Records from a data collection
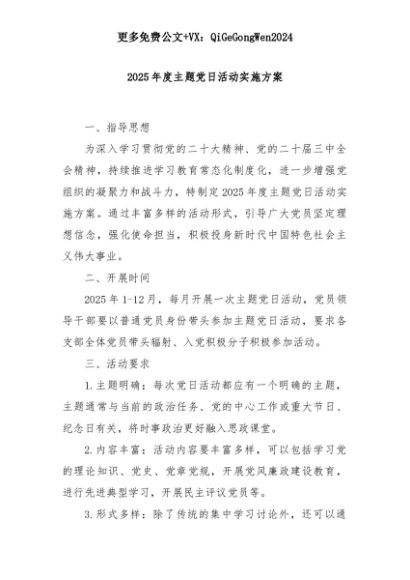 【七哥公文】2025年:2025年度主题党日活动实施方案+更多免费公文+VX:QiGeGongWen2024+更多免费公文+VX:QiGeGongWen2024
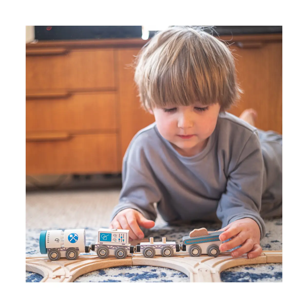 The four magnetic toy train wagons easily connect together and are ready to go in seconds. This wooden train set comes with two pieces of track as well as a buffer in case of an emergency stop!
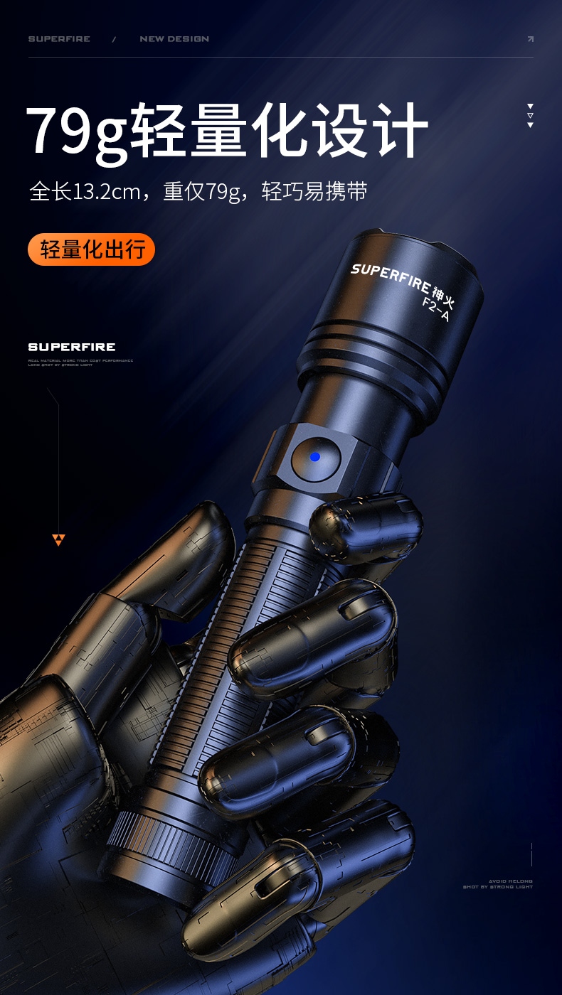 1、伸縮調焦、聚泛隨心。 2、鋁合金筒身、防摔抗擊。
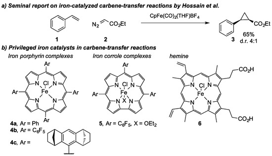 (a) Seminal iron-catalyzed cyclopropanation by Hossain et al. [22]. (b) Privileged iron catalysts in carbene-transfer reactions.
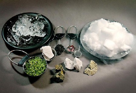 A fenti, félig-meddig tréfás képen a Tempel-1 üstökös „hozzávalói” láthatók, amelyeket a NASA Spitzer infravörös űrtávcsövének színképelemzőjével azonosítottak. Ezek a vízjég és a szén-dioxidból álló szárazjég (balra ill. jobbra hátul, a tálakon), valamint olivin, smektit agyag, policiklikus aromás szénhidrogének, spinel, fémes vas, illetve enstatit (szilikát), dolomit (karbonát) és makrazit (vas-szulfid).
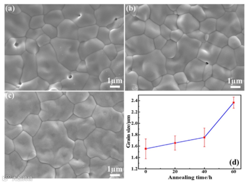 图6的晶粒生长曲线更直观:从1.66 μm长到2.37 μm,60小时只长了0.71 μm,平均速率13.7 nm/h。对比一下,传统YSZ在同样温度下早就粗得没法看了。
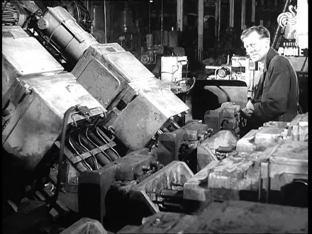 A group of school children watch a model of a wheel turning driven by a sort of water pump that drives a hammer action. Primitive water lifting devices for irrigation along the banks of the Nile. A graphic of a large Egyptian statue being pulled along by slaves using wooden rollers on a track. An oxen walks in a circle turning a large wheel that is connected to another wheel raising water for irrigation. A clock that runs for years driven by a ball rolling over a tilting plate. Cut to a large industrial production line at British Motor Corporation showing the production of engine parts and their assemble. At the head of the line an operator clamps an engine block into a fixture that will automatically pass it from one machine to another as the engine is machined, drilled and bored to completion. Each step of the process is shown in great detail until the whole engine is completed and then the gear box case is added. No detail is spared and there are natural sound effects for every moment of the operation. The narrator tells us that "these wonderful machines are a far cry from the rollers the Egyptians used and yet in practice they are doing the same thing, lessening the load on man, easing his work and at the same time increasing his productivity. This method of production has been called "Automation". For similar shots to these, but in full colour see "Magic in Metal" *PM2299*. This is also produced by B.M.C. FILM ID:2299.06 A VIDEO FROM BRITISH PATHÉ. EXPLORE OUR ONLINE CHANNEL, BRITISH PATHÉ TV. IT'S FULL OF GREAT DOCUMENTARIES, FASCINATING INTERVIEWS, AND CLASSIC MOVIES. https://www.britishpathe.tv/ FOR LICENSING ENQUIRIES VISIT https://www.britishpathe.com/ British Pathé also represents the Reuters historical collection, which includes more than 136,000 items from the news agencies Gaumont Graphic (1910-1932), Empire News Bulletin (1926-1930), British Paramount (1931-1957), and Gaumont British (1934-1959), as well as Visnews content from 1957 to the end of 1984. All footage can be viewed on the British Pathé website. https://www.britishpathe.com/
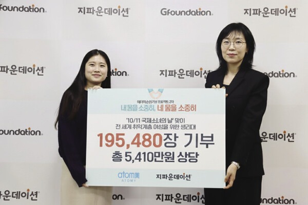 국내외 취약계층에게 생리대 19만 장을 기부한 애터미
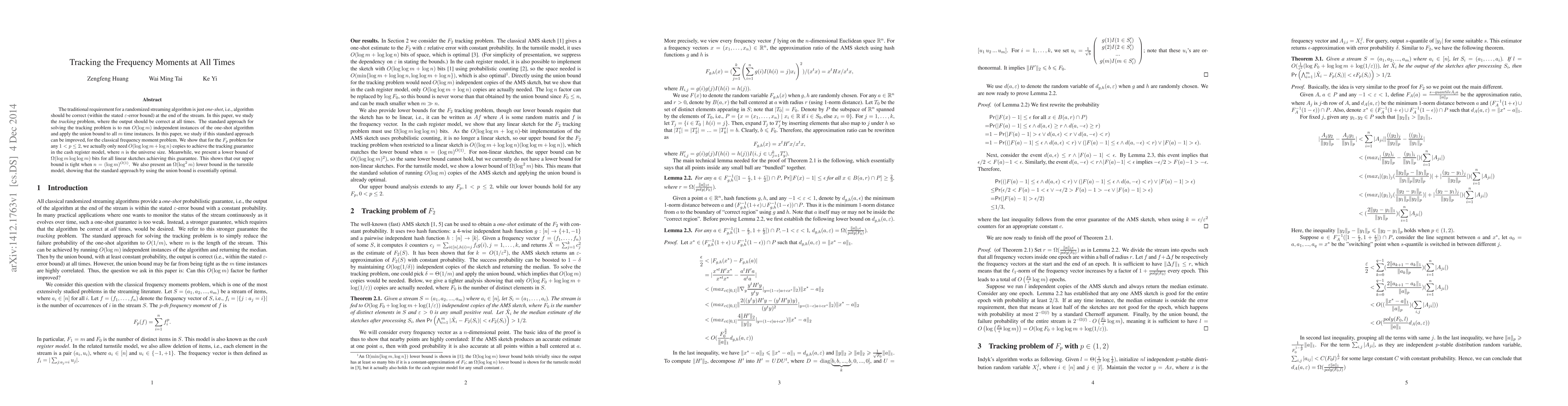 The traditional requirement for a randomized streaming algorithm is just {\em one-shot}, i.e., algorithm should be correct (within the stated $\eps$-error bound) at the end of the stream. In this paper, we study the {\em tracking} problem, where the output should be correct at all times. The standard approach for solving the tracking problem is to run $O(\log m)$ independent instances of the one-shot algorithm and apply the union bound to all $m$ time instances. In this paper, we study if this standard approach can be improved, for the classical frequency moment problem. We show that for the $F_p$ problem for any $1 < p \le 2$, we actually only need $O(\log \log m + \log n)$ copies to achieve the tracking guarantee in the cash register model, where $n$ is the universe size. Meanwhile, we present a lower bound of $\Omega(\log m \log\log m)$ bits for all linear sketches achieving this guarantee. This shows that our upper bound is tight when $n=(\log m)^{O(1)}$. We also present an $\Omega(\log^2 m)$ lower bound in the turnstile model, showing that the standard approach by using the union bound is essentially optimal.
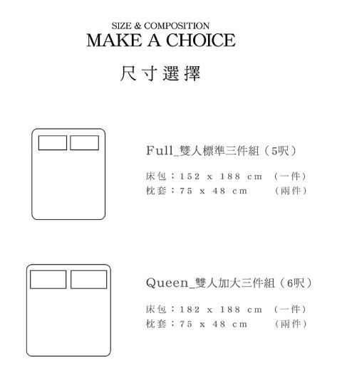 內容:標準雙人- 床包152x188cm/枕套2個 75x48cm;加大雙人- 床包182x188cm/枕套2個 75x48cm
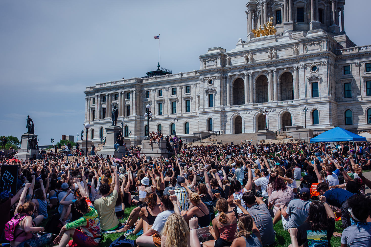 Des milliers de personnes ont pris part a un rassemblement en hommage a George Floyd, face au Capitole de l’Etat du Minnesota, a Saint Paul.
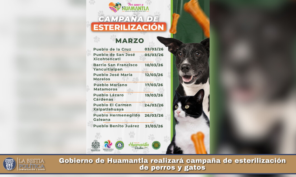 El Ayuntamiento de Huamantla, que presiden Salvador Santos Cedillo, anunció el lanzamiento de una intensa Campaña de Esterilización de Perros y Gatos, que busca promover el bienestar animal y controlar la sobrepoblación de mascotas, que se llevará a cabo del 03 al 31 de marzo en diferentes comunidades del municipio.
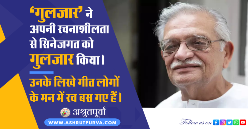 क्या ही बेहतरीन शख्सियत हैं गुलजार। वे अपनी रचनाओं में इतनी गहरी भावना और इतनी मिठास डाल देते हैं कि वह बरसों-बरस जेहन में रहती है। किसने सोचा था अरोड़ा सिख परिवार का यह लड़का संपूर्ण सिंह गुलजार के नाम से एक दिन शोहरत की बुलंदियों को छू लेगा। गुलजार को स्कूल के दिनों में ही संगीत और शायरी का चस्का था। वे अकसर संगीत कार्यक्रमों में जाया करते थे। उनको धीरे धीरे संगीत की समृद्ध विरासत हासिल हुई। इसी विरासत ने उनकी परख को नया विस्तार दिया।
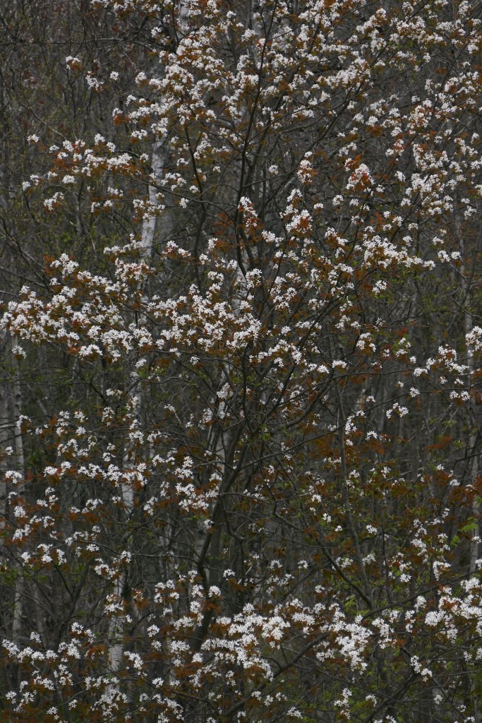 The shad-bush in bloom is now conspicuous, its white flags on all sides. Is it not the most massy and conspicuous of any wild plant now in bloom ? I see where the farmer mending his fence has just cut one to make part of the fence, and it is stretched out horizontally, a mass of white bloom.
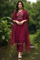 Dhiyona IE Maroon Floral Yoke Design Thread Work Straight Kurta & Trousers With Dupatta
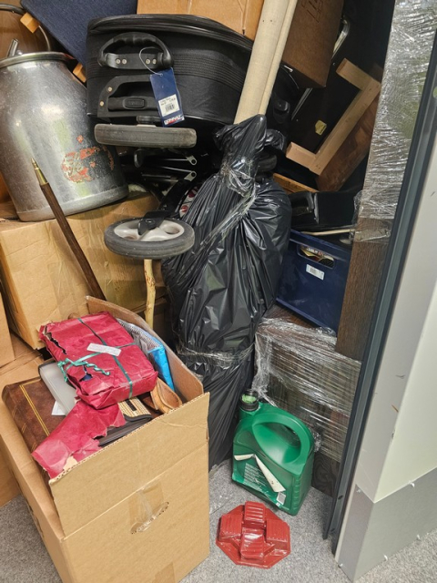 Myydään huutokaupalla kuvassa näkyvän varaston sisältö, vuokranantajan / haltijan lukuun.
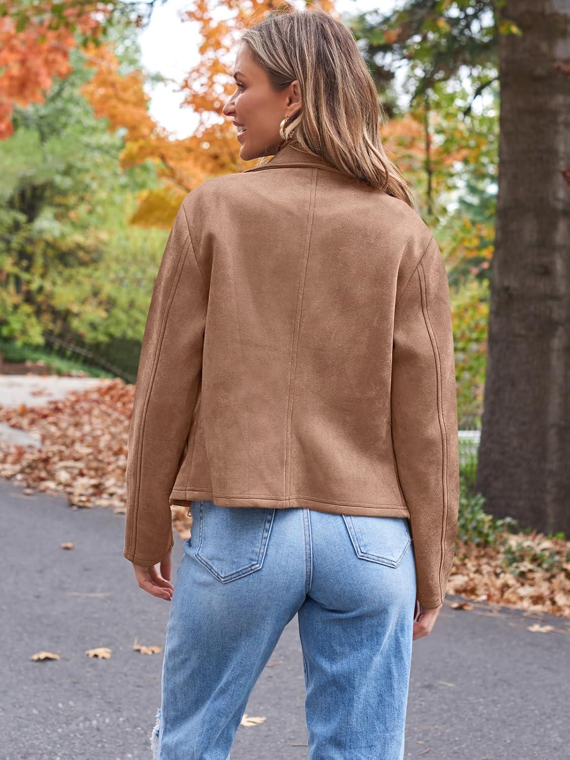 AUTOMET Womens Faux Leather Jackets Suede Fall Fashion 2025 Outfits Winter Clothes Open Front Cropped Coat Outwear(Camel)
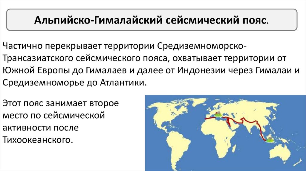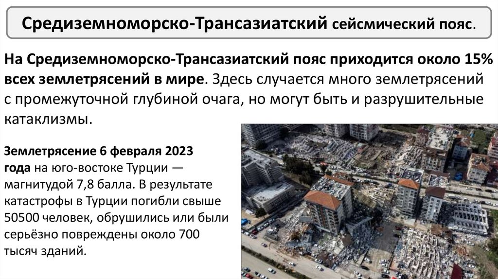 Средиземноморско-Трансазиатский сейсмический пояс.На Средиземноморско-Трансазиатский пояс приходится около 15%
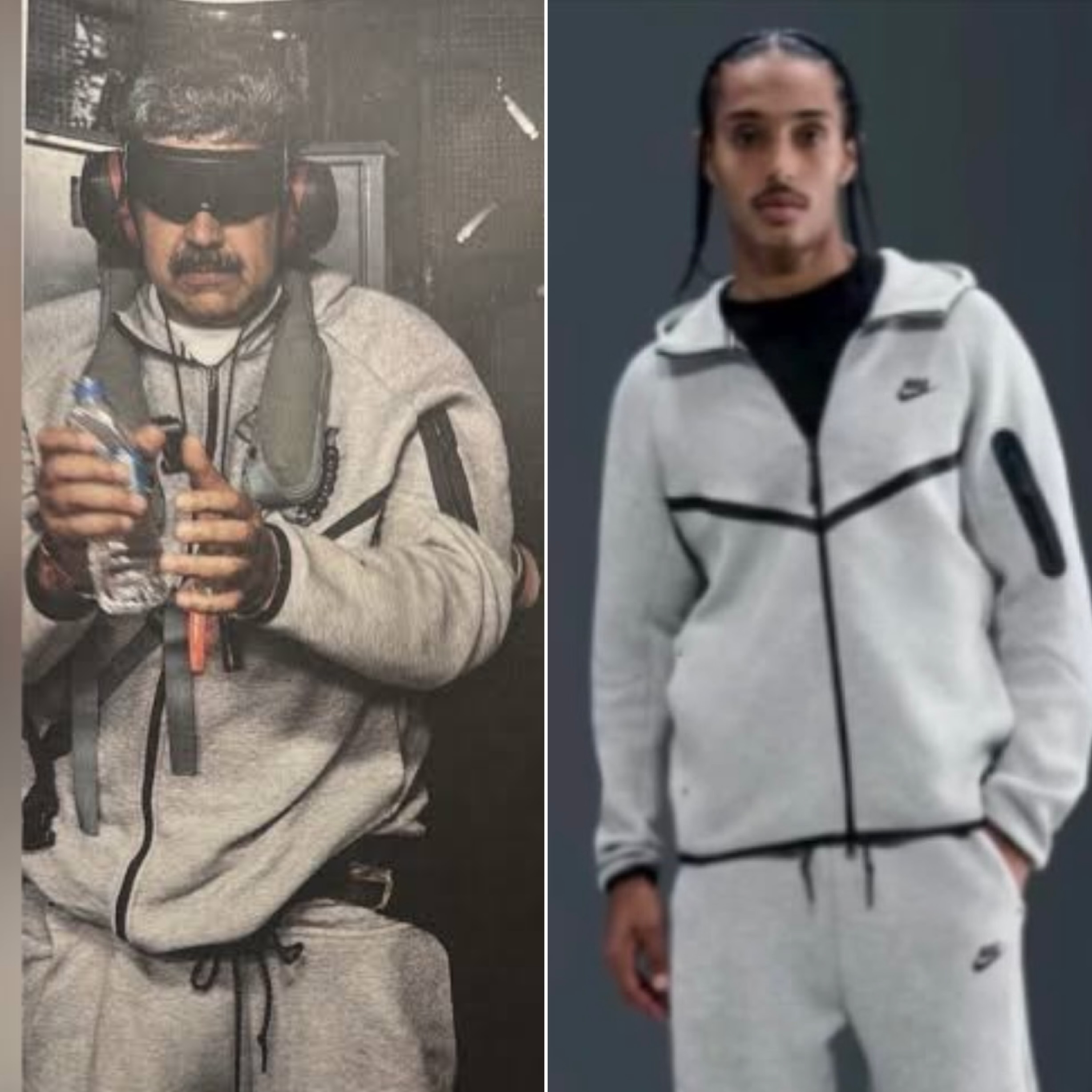 “Depois que o governo americano divulgou uma foto do ditador venezuelano, Nicolás Maduro, sendo transportado rumo aos EUA, neste sábado (3), um curioso detalhe chamou atenção nas redes sociais: o ditador trajava um conjunto Nike Tech Fleece avaliado em R$ 1.500.
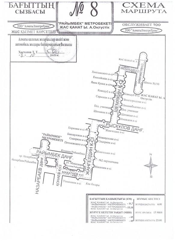 - маршрут № 8 "микрорайон Жас Канат - улица Хмельницкого - Шемякина - проспект Рыскулова - улица Жангельдина - Макатаева - проспект Райымбека - станция метро Райымбека в прямом и обратном направлениях";
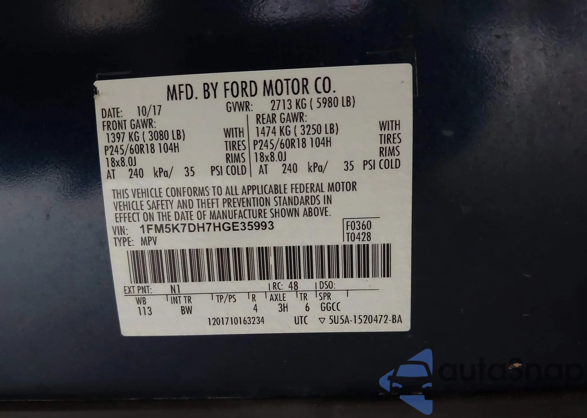 • VIN 1FM5K7DH7HGE35993
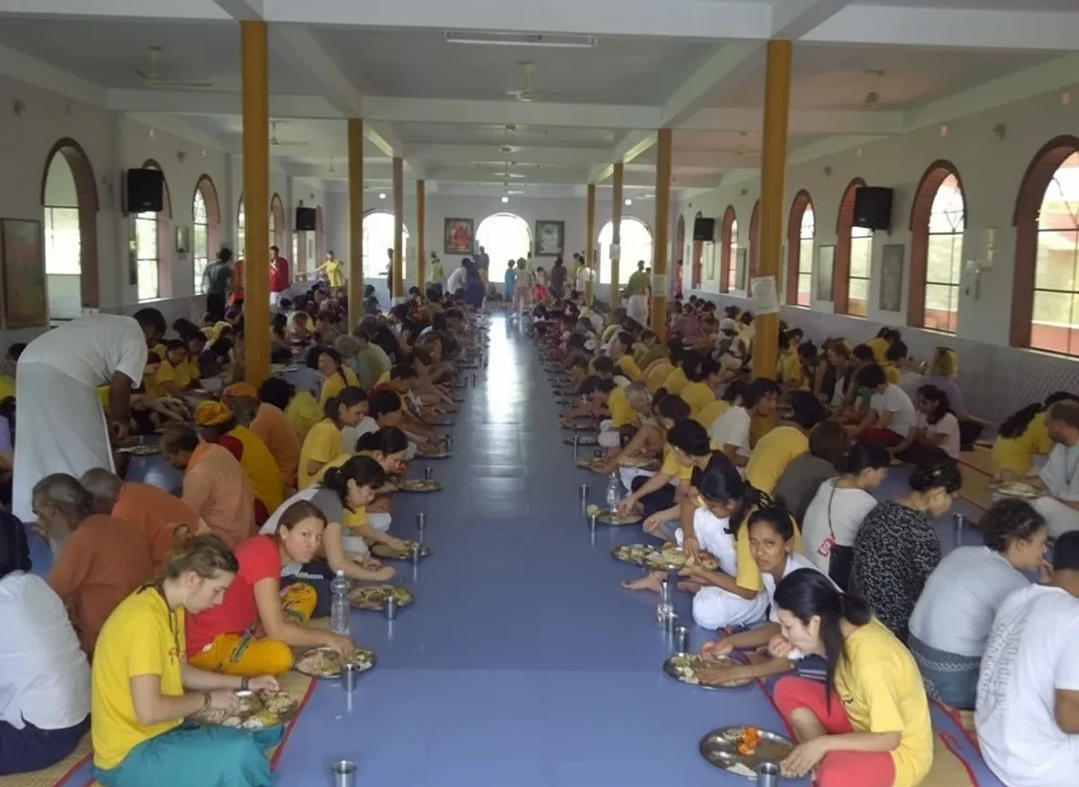 The ashram follows a structured daily routine that includes yoga practice, meditation sessions,
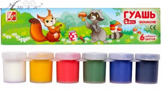 Гуаш набір Луч - Зоо Міні 6 кольорів 15мл (блок-тара) 19С 1250-08
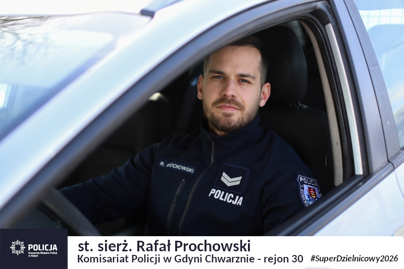 W ramach trwającego plebiscytu #SuperDzielnicowy2026 prezentujemy sylwetkę dzielnicowego z Komisariatu Policji w Gdyni Chwarznie, odpowiedzialnego za podległy mu rejon służbowy nr 30 – st. sierż. Rafała Prochowskiego.
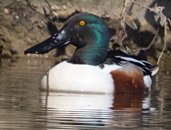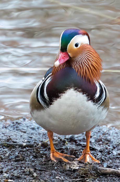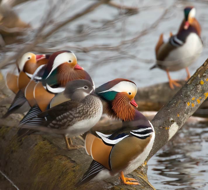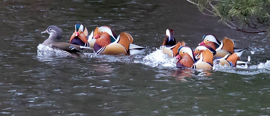Der Mandarinentenerpel vorne plustert sich sehr auf ... mehr über die → Mandarinente im Glemstal |
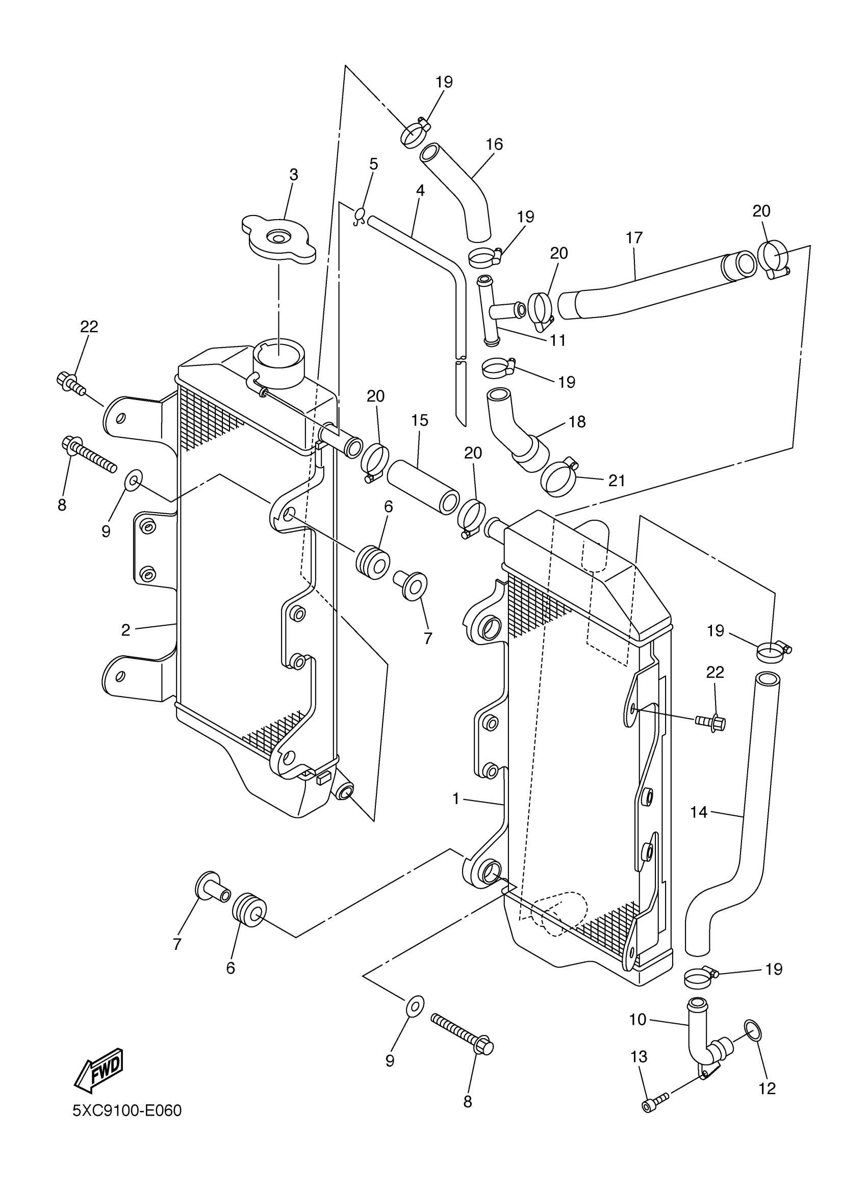 Yamaha YZ250FV (YZ250F) 5XC9 2006 RADIATOR HOSE Diagram

- _About this exercise_
Retype the records above word for word, from their first line through the line containing "(a) Seminal iron-catalyzed", and leave out every picture.

- _Output of the exercise_
 【七哥公文】2025年:2025年度主题党日活动实施方案+更多免费公文+VX:QiGeGongWen2024+更多免费公文+VX:QiGeGongWen2024
 The four magnetic toy train wagons easily connect together and are ready to go in seconds. This wooden train set comes with two pieces of track as well as a buffer in case of an emergency stop!
 1、伸縮調焦、聚泛隨心。 2、鋁合金筒身、防摔抗擊。
 (a) Seminal iron-catalyzed cyclopropanation by Hossain et al. [22]. (b) Privileged iron catalysts in carbene-transfer reactions.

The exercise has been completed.